Castro says drug companies charge far too muc
h for medicine
In an impassioned speech at a session celebrating the 50th anniversary of the U.N health agency, Castro also condemned growing global trade liberalization and ``an economy that grows by itself and for itself, like a cancer.''
He decried the U.S. economic embargo against his island nation, but said the sanctions have only ``led to the multiplication of our strengths and our will to survive.'' Castro also deplored high death and disease rates in developing countries, and pointed to inflated drug prices by pharmaceutical companies as the culprit.

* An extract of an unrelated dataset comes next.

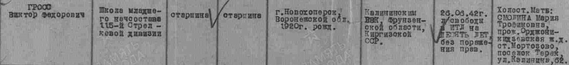 23) Курсант 1 стрелкового взвода Гросс Виктор Фёдорович 1920 г.р. Призван: Калининский РВК, Киргизская ССР, Фрунзенская обл., Калининский р-н. Уроженец: Воронежская обл., г. Новохоперск. Осужден 26.06.1942 года.

``The control of patents and markets by the big transnational companies allows them to raise prices over 10 times above production costs,'' Castro said. ``Either we defeat AIDS, or AIDS will devastate several Third World countries.''
The 70-year-old Cuban leader was given a standing ovation as he entered the hall of the 191-nation World Health Assembly -- the annual meeting of the World Health Organization.
During his weeklong visit, Castro will address the World Trade Organization when leaders gather to mark half a century of the global trading system, born at a meeting in Havana, Cuba, in 1948.
The Cuban leader and First Lady Hillary Rodham Clinton are staying in the same hotel, but the hotel manager said any clash of ideologies would be ``no problem.'' ``Everyone is in their own place and it works very well,'' said Herbert Schott, director of Geneva's luxury Hotel Intercontinental.
President Clinton is due in Geneva for a few hours Monday evening to address the WTO.